Summary: The availability of advanced profile–profile comparison tools, such as PRC or HHsearch demands sophisticated visualization tools not presently available. We introduce an approach built upon the concept of HMM logos. The method illustrates the similarities of pairs of protein family profiles in an intuitive way. Two HMM logos, one for each profile, are drawn one upon the other. The aligned states are then highlighted and connected.
Availability: A web interface offering online creation of pairwise HMM logos is available at http://www.sanger.ac.uk/Software/analysis/logomat-p. Furthermore, software developers may download a Perl package that includes methods for creation of pairwise HMM logos locally.
The problem of profile–profile comparison has a long history but has received a lot of attention recently (Söding, 2004; Lyngsø et al., 1999; Madera, 2005; Edgar and Sjölander, 2004a). This is a result of the growing number of well characterized protein families in databases, such as Pfam (Bateman et al., 2004). By adding additional information about properties of the entire family, it has been shown that profile–profile methods significantly increase sensitivity compared with profile–sequence comparison (Edgar and Sjölander, 2004b). Several different concepts for profile–profile comparison have been reported. We focused on the visualization of HMM–HMM alignments. The algorithms behind all currently available HMM alignment programs are very similar. Newer approaches mainly differ in details of the scoring function and in the transitions that are taken into account. The approach is to find a sequence of state-to-state pairings that maximizes the probability of both HMMs emitting the same sequence (frequently called co-emission probability). This can be done efficiently by creating a pair HMM (Durbin et al., 1998; Söding, 2004) from the two source HMMs and using standard forward or viterbi algorithms for searching an optimal solution. Nevertheless, the raw output of the alignment tools can be difficult to understand. From the state-to-state pairings alone, it is not immediately obvious which features the two protein families have in common. It was our aim to develop a graphical representation of HMM–HMM alignments that resolves this issue.

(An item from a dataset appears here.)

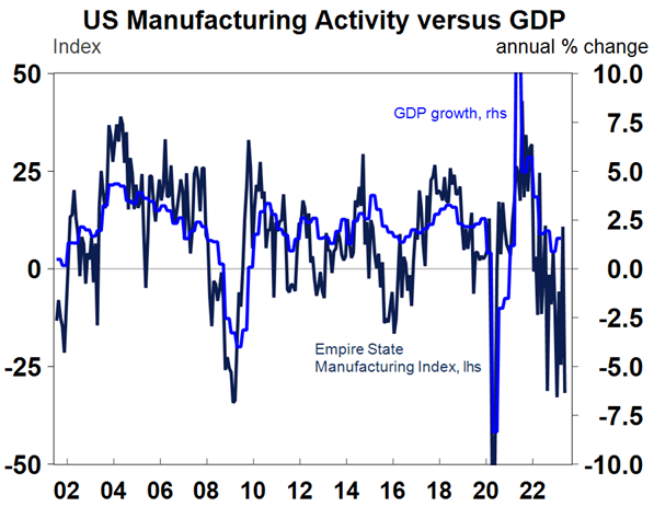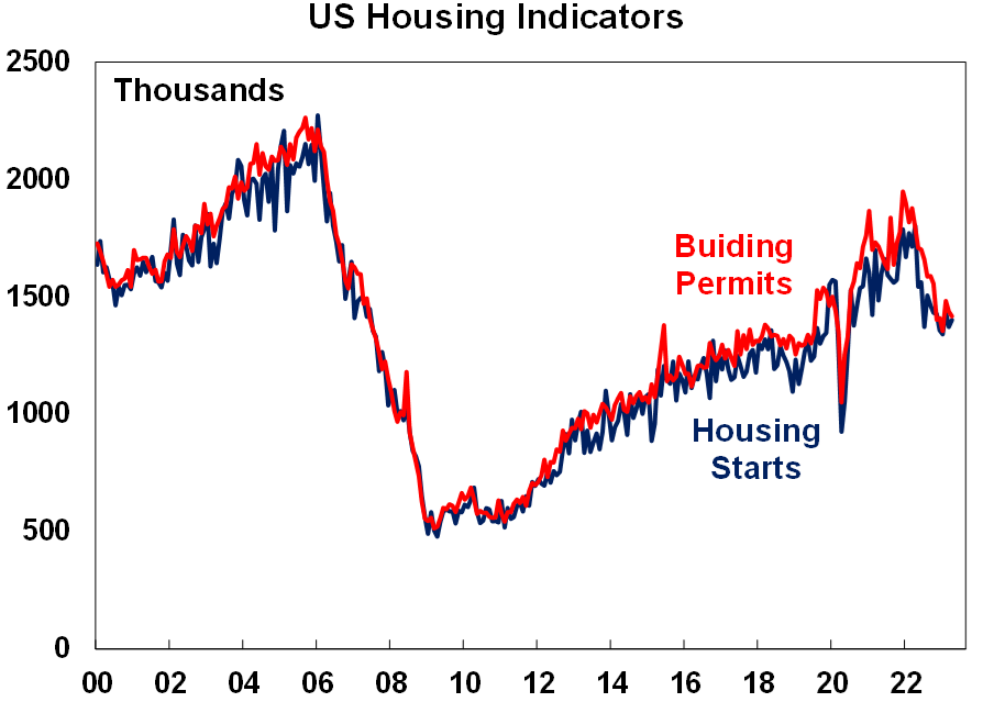 While shares could have a further tactical bounce if there is quick US debt ceiling deal, they continue to look vulnerable over the next few months. From their lows last year global and US shares are up 17% and Australian shares are up 13% as investors have been buoyed by evidence of peaking inflation, anticipation that central banks are near the top and so far resilient growth and profits. However, we remain of the view that global and Australian share markets are vulnerable to a rougher period ahead: share market gains so far have been narrowly based favouring defensive sectors than would be normal at this point in a recovery; US debt ceiling brinkmanship and eventual resolution could create volatility ahead; banking stress is continuing in fits and starts in the US resulting in additional monetary tightening; leading economic indicators continue to point to a high risk of recession in the US and Australia; China’s recovery is looking less robust; metal and energy prices have softened with oil down despite several OPEC supply cuts suggesting weakening demand; central banks are probably close to the top but risk doing more; and the period from May to September is often rough for shares. We remain of the view that shares will do okay on a 12-month view as central banks ease up but the next few months are likely to be rough.

Pairwise HMM Logos can be currently accessed in two different ways. First, they can be made online at http://www.sanger.ac.uk/Software/analysis/logomat-p. Second, they can be constructed locally by downloading and installing the Perl sources. In the near future, pairwise HMM Logos will also be added to the Pfam website. A typical pairwise HMM Logo is shown in Figure 1. We intended to construct pairwise HMM Logos to look as similar to HMM Logos as possible. This should facilitate their comprehension for users accustomed to HMM Logos. Therefore, we draw two HMM Logos, one for each aligned family. To illustrate individual aligned states they are framed and connected by a block. Unaligned states are shaded in grey. In a local alignment, positions before the first and after the last aligned states are not shown. A brief summary on the features of simple HMM logos is given in the caption to Figure 1. A more detailed description can be found in (Schuster-Böckler et al., 2004).

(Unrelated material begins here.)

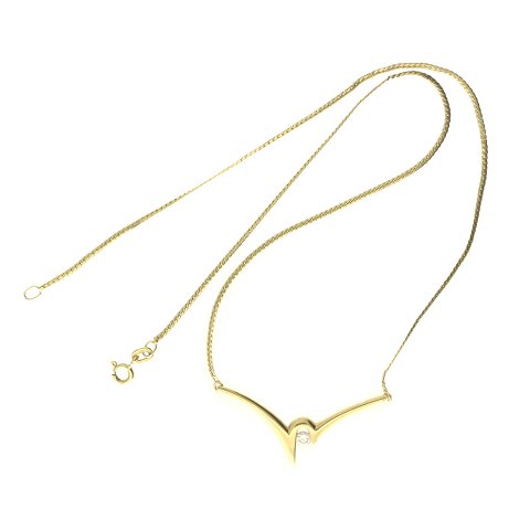 Halskæde af 8 kt. guld integreret vedhæng. L. 43,5 cm. Vægt: ca. 3,36 gr.

In our previous work (Schuster-Böckler et al., 2004), we introduced the HMM Perl package. It provides generalized methods to access and modify HMMs. Emission and transition probabilities are stored and retrieved as multidimensional matrices using PDL, the Perl Data Language. HMMER files can be parsed and written. It also allows the creation of HMM logos from profile HMMs. We added a class called HMM::Alignment to this existing framework that works as an abstraction layer to the HMM alignment program PRC (Madera, 2005http://supfam.mrc-lmb.cam.ac.uk/PRC/). It can parse and write PRC output as well as run PRC directly if it is installed on the system. As it integrates into the HMM package, it takes HMM::Profile objects, HMMER files, Pfam IDs or combinations thereof as arguments for creating alignment objects.

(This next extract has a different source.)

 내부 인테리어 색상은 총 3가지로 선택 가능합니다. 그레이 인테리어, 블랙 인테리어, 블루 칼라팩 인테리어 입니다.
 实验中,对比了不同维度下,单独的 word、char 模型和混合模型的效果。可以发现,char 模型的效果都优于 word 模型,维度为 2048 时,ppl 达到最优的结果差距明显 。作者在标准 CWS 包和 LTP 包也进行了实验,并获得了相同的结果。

On-the-fly creation of pairwise HMM Logos from HMMER files, multiple sequence alignments or Pfam IDs is available from the website http://www.sanger.ac.uk/Software/analysis/logomat-p. Uploaded HMMs are aligned directly using PRC. Multiple alignments in ClustalW, MSF or SELEX format are used to create HMMs using HMMER before aligning them. The plain PRC output can be downloaded separately. Local installation of the HMM Perl package requires the PDL and Imager packages to be installed on the system together with a working PRC binary. Both Perl packages can be downloaded from http://www.cpan.org. PRC is available from http://supfam.mrc-lmb.cam.ac.uk/PRC/. This software was tested against PRC version 1.5.2.
We would like to thank Martin Madera and Robert Finn for the valuable information about theoretical and practical aspects of PRC. Johannes Söding kindly answered numerous questions about his HHsearch algorithm. The authors are grateful for the valuable suggestions and corrections made by the reviewers. B.S.-B. is funded by the Wellcome Trust.